Under the program, patients and caregivers have enhanced opportunities to communicate with each other regarding the patient’s care. First, you must inform the patient of the availability of chronic care services and obtain written agreement to provide the services, along with authorization from the patient to share the patient’s medical information with other practitioners through electronic methods.

It’s important to document in the patient’s record that all of the elements of chronic care management were explained to the patient, to note the patient’s decision to accept or decline the service, and that the patient received a copy of the care plan.

It’s important to stress that effective chronic care management can be accomplished only through regular monitoring of the patient’s health status, and through frequent communication and exchanges of information with the patient and the patient’s other healthcare providers.

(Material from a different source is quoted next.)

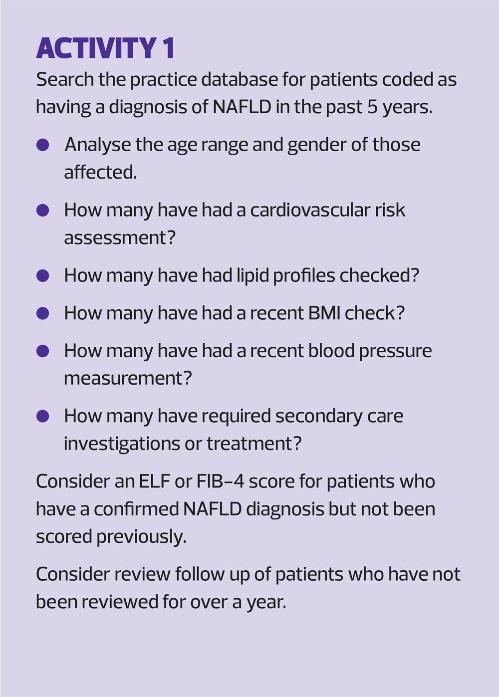 If a diagnosis of NAFLD is confirmed it is also important that the risk of advanced liver fibrosis is assessed using a non-invasive scoring system. (See Resources and Further Reading.)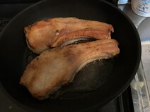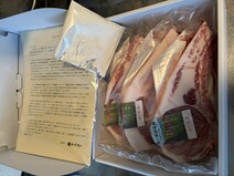 厚みが一番厚いところで3cm以上もあり、こんな立派な豚の骨付きロースやロース自体、売られているのを見たことがありませんでしたので、テンションがあがりました。

Physicians who use remote monitoring may count the time spent reviewing data towards the monthly time for chronic care services, but not the total time the patient spends using the monitoring device.


NEXT: Scope of services


Scope of services

To bill successfully for chronic care management services, the following services must be provided.

24/7 access

The provision of 24-hour-a-day, 7-day-a-week access to address the patient’s acute chronic care needs. This means that the patient must be provided with means to make timely contact with healthcare providers in the practice.

Continuity of care

Continuity of care with a designated practitioner or member of the care team with whom the patient is able to get successive routine appointments.

The care plan, part 1

The care plain should include:

  • systematic assessment of the patient’s medical, functional, and psychosocial needs;

  • system-based approaches to ensure timely receipt of all recommended preventive care services;

  • medication reconciliation with review of adherence and potential interactions; and

  • oversight of patient self-management of medications.

The care plan, part 2

The patient-centered care plan document is intended to ensure that care is provided in a way that is congruent with patient’s choices and values. The care plan must cover all patient health issues, and typically includes the following elements:

  • problem list;

  • expected outcome and prognosis;

  • measurable treatment goals;

  • symptom management;

  • planned interventions;

  • medication management;

  • community/social services ordered;

  • how the services of agencies and specialists unconnected to the billing practice will be directed/coordinated;

  • identifying the individual responsible for each intervention;

  • the requirements for periodic review, and when applicable, revision of the care plan; and

  • the full list of problems, medications and medication allergies in the electronic health record must inform the care plan, care coordination and ongoing clinical care.

Care transitions

The management of care transitions is a vital part of chronic care management, and must include:

  • referrals to other clinicians;

  • follow-up after the patient’s visit to an emergency department;

  • follow-up after discharges from hospitals, skilled nursing facilities, or other health care facilities;

  • facilitating communication of relevant patient information through electronic exchange of a summary care record with other healthcare providers regarding these transitions;

  • available qualified personnel to deliver transitional care services to the patient in a timely way so as to reduce the need for repeat visits to emergency departments and readmission to hospitals, skilled nursing facilities or other health care facilities; and

  • coordination with home- and community-based clinical service providers required to support the patient’s psychosocial needs and functional deficits (communication to and from home and community based providers must be documented in the patient’s medical record).